The command “$ tsk info” might have some limits information. The file system limits are likely documented somewhere. I don’t know what you mean by "update the size or ‘file limit’ of an established directory. You can probably defrag a directory as follows. Find the number of files. Use the size parameter of mkdir to make a large directory. Backup from the fragmented directory to the new one. Delete the old directory and rename the new one.
no QNET, these are Linksys Ether16 10baseT ISA cards… I couldn’t necessarily tell you who did the networking drivers/software though; the driver is considered “NE2000 compatible” by the installer package. And these are mostly Pentium II Dell Optiplex GX1/GXa machines, except for two that are Pentium 4s I’ve built from an industrial board
if I look at the file “snmpconf” in 3:/etc, it reads SpiderTCP TCP/IP (release 5.1) for QNX version 2.15
and a string of some other misc numbers… I also see a text string of SpiderTCP in a hexdump of the driver (dated Dec-15-95), so maybe it’s a good chance that’s who wrote it?
directories grow as more files are added, but a few key directories can potentially contain hundreds of configuration files, log files, etc…
I’ve noticed some of those key directories on these systems will take up many blocks, but only have 1 extent, which leads me to think that the developers of the software intentionally specified those directories to be readily capable of Many Files without having to make the filesystem skip around to find other pieces.
During a fresh system install, all of the magic happens without really reporting anything that it’s doing on-screen other than asking for subsequent disks and prompting the user for a few small settings… so you don’t see any of the QNX install process, any of the directory creation, etc etc.
unfortunately there’s no “fsys.h” file but I think digging that deep into things is beyond the scope of my needs (at least at this current point)
the command offers info about the system but that’s about it…
And yeah, I figured there wasn’t any way to really change the file limit attributes of a directory without doing basically what you said. At least it’s a relatively simple process to defragment a folder or an entire drive just by moving data elsewhere and copying it back.
And I presume that the system is not using QNET, just TCP/IP. There was talk of some large customer that paid QNX a lot of money to make QNET work over ethernet cables. I doubt you are using such machines, but if you were the same bug probablyl applies. It was a race condition that first appeared in 486s due to the speed. It would occur a lot in a Pentium.
which leads me to think that the developers of the software intentionally specified those
directories to be readily capable of Many Files
That sounds right. You could check by doing a files +v +d and looking at how many sectors a directory is using.

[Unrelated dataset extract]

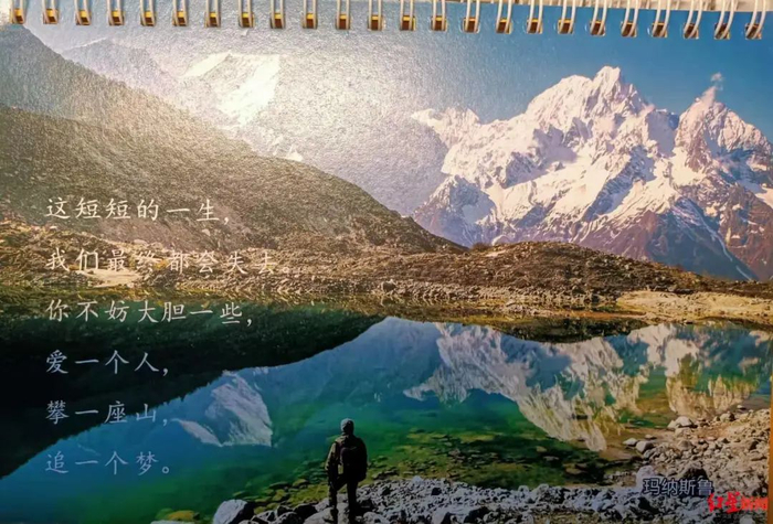 台历封面上印着这样几句话:“这短短的一生,我们最终都会失去,你不妨大胆一些,爱一个人,攀一座山,追一个梦。”

I will find and post fsys.h if you ask.
Since at times I saw painful delays due to directories being very large, a thought occurred to me.
The speed at which the CPU can read through sectors is no doubt not a problem with the cpu’s you described. If a directory isn’t that large, the sector cache should take care of things. But what if a directory was so large that it doesn’t fit in the cache? That probably is a issue with a directory of more than 1000 files. I imagine any file opening has to traverse the directory from the beginning until it finds the file in question. If you had directory with 2000 files and you open a file at the end, fsys might need to read every sector of the directory to find the file entry. If you are opening and closing files a lot, that would create a lot of unexpected disk access.
You might think that there would be a better algorithm, but remember when QNX 2 was written. The first versions only had to deal with 360K floppy disks. The first hard drives supported had 5Meg of disk space. There were enhancements added such as the cache, but I don’t think much was changed over the years.
Another minor related point. The IDE driver that QNX first supplied, disk.at only read one sector at a time. The disk.atc version was able to do a multi-sector read. The driver disk.ata that I wrote (LBA) was based on the atc driver. I think most later hard drives layed the sectors down sequentially, 1, 2, 3… not staggered around a track, so if your driver is reading 1 sector at a time, that’s 1 rotation of the disk for each read. That only 60 sectors/second.
Interesting, do you have any other info about it? It nigh impossible to really find any information about legacy QNX, let alone commercial and corporate dealings from 30 years ago. Not that it would necessarily help me, but I’m honestly curious.
Though, it would be neat if there were a way to actively trigger the condition to see if it might actually affect these systems.
Yeah, I think my approach is going to be to make a record of the directory structure and sizes (I made a small table to reference a directory [size] limit based on how many blocks it takes up; 10b = 100 files, 19b = 200 files, 94b = 1000 files, etc etc approximately), and then manually create a few of the directories that are routinely handling many files. With the proper sequence of backup and zoo and shuffling files around, I can relatively easily restore a system without worrying (hopefully) about any prospective issues related to directory sizes.
I still don’t know if this is even the lingering cause of this weird failure behavior, but I’m starting to lean into it as I think about it more… It has occurred most frequently in situations where files are being written to or accessed from directories that would typically have housed many files, on systems that I have recovered and would likely have not made those directories with a file limit large enough to avoid fragmentation.
again I know the system is able to navigate fragmented files and folders, but maybe there’s just some stupid little bug or quirk that was never fully discovered in development.
Yes please, if nothing else it might be good reference in the future.
I made a directory with a 1000 file limit, and it occupied 94 blocks; if each block is 512bytes, that’s just a hair over 48kb.
as it stands, these systems have always been configured for a 16kb cache, 10k xcache, and bitmap cache enabled; that is just how the developer of the software set them up at the time.
This hasn’t been an assumed issue in the past, but any directories that might have a high number of files would have been configured for such in advance, rather than grown as necessary.
What is considered the sector cache, is that “cache” or “xcache” from the mount command?
All I know in this regard is that we use the disk.ata driver and it seems fine? These late-era IDE drives may access sectors sequentially but they’re 7200rpm and likely have enough of their own controller cache to handle stuff as necessary (I hope)
If you are not using QNET it is not an issue. Sending messages to a task on a remote node requires the creation of a ‘virtual circuit’. They are a limited number of these available. A race condition can cause the removal of one of these to fail. Eventually all virtual circuits are used up and no connections to remove nodes are possible. There was a utility that was supposed to clean up these dead circuits, but I could never get it to work. There is a tsk option that will show virtual circuits, maybe ‘tsk vc’
Getting fsys.h to you is on my todo list.
The sector cache is the cache. The xcache caches segment headers, the 16 bytes that allow you to jump around a file with seek without. doing a read. If your system has excess memory I would bump the cache to 64k. I think there is a tsk option to show how much available memory there is, maybe ‘tsk freemmem’. If you run this after your system is up you can find out.